Dead-letter pattern on the cloud

Data is not always as clean as we would like it to be. The statement is even more true for semi-structured formats like JSON, where we feel working with a structure, but unfortunately, it's not enforced. Hence, from time to time, our code can unexpectedly fail. To handle this problem - as for many others - there is a pattern. It's called dead-letter qnd I will describe it below in the context of cloud services.

New ebook 🔥

Learn 84 ways to solve common data engineering problems with cloud services.

👉 I want my copy

But before I show you how implemented on various cloud providers, let's take a look at the Apache Flink. Sounds surprising, doesn't it? After all, I spend a lot of time explaining data engineering with the help of Apache Spark. However, for the dead-letter pattern, Apache Flink is - in my opinion - more idiomatic. Apache Flink has a concept of side output that you can use to receive invalid input records.
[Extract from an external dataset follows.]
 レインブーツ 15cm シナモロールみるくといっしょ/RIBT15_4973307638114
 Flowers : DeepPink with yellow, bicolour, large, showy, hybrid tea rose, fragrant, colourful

Thanks to this clear separation, we can easily define a different sink for this invalid output part:

  val env = StreamExecutionEnvironment.createLocalEnvironment()
  import org.apache.flink.streaming.api.scala._
  val outputTag = OutputTag[String]("invalid-payloads")
  val inputDataSource = env.fromElements("not a JSON", "{empty JSON}", """{"letter": "A"}""")
  val validJsonEvents = inputDataSource.process(
    (value: String, ctx: ProcessFunction[String, String]#Context, out: Collector[String]) => {
    if (value.startsWith("""{"""")) {
    } else {
      ctx.output(outputTag, s"invalid=${value}")
  val invalidJsonEvents = validJsonEvents.getSideOutput(outputTag)

GCP BigQuery

Dead-Letter pattern is very often associated to the streaming processing. However, it's not a pure streaming concept! You can use it in batch pipelines as well! One of the first examples I found - BTW, it inspired me to write it down - is BigQuery, and more exactly, BigQueryIO connector available for Apache Beam.

According to the snippet available in the official Beam documentation, any BigQuery insert failure can be intercepted with the help of getFailedInsertsWithErr() method and passed to a dead-letter table.

AWS Lambda

Another service associated in my mind with the dead-letter pattern is AWS Lambda. This serverless service supports the pattern in 2 ways. The first of them use a dead-letter queue, an SNS or SQS where Lambda will send all events from erroneous executions. The second one is the on-failure destination, and it's currently similar to the dead-letter queue except that it supports more target destinations. In addition to SQS or SNS, you can send the events to Event Bridge or invoke another Lambda function.

It's also worth mentioning various possible configurations for error management. You can define the maximal number of attempts to process a record of a batch of records. Regarding the batch of records, you can also specify the recursive split of the failed batch so that the function can easier isolate the failing record.

Unlike the BigQuery example quoted before, you can notice here that the failure management is fully delegated to the service. Of course, you can write your block of code that will write the output to different places, depending on the processing outcome, but it's your responsibility to do so.

Azure ServiceBus

Regarding Azure, you will find the dead-letter pattern implementation in the Service Bus messaging service. It proposes built-in and application-specific rules that will put the messages to the Dead-Letter Queue. Among the rules applying for the built-in reasons, you will find the message expiration, unsuccessful processing within the max delivery attempts, or a too big header.

In addition to this built-in mechanism, you can also implement your own dead-letter rules with the help of SDK to, for example, forward unparseable messages to the Dead-Letter Queue. In Python, this can be achieved with the help of dead_letter_message(message, reason, error_description) function quoted in "Further reading" section.

As you can see then, the Dead-Letter pattern is one of the popular methods to deal with poison pills, i.e., events that cannot be correctly processed or ingested to the sink. However, using the pattern doesn't stop on forwarding these events. In addition to that, you should always keep an eye on them and analyze the dead-letter reasons. Maybe something changed on the producer's side and you may need to update the consumers? Or simply, you released a buggy version of the consumers and after fixing it, you may need to reingest the failed messages?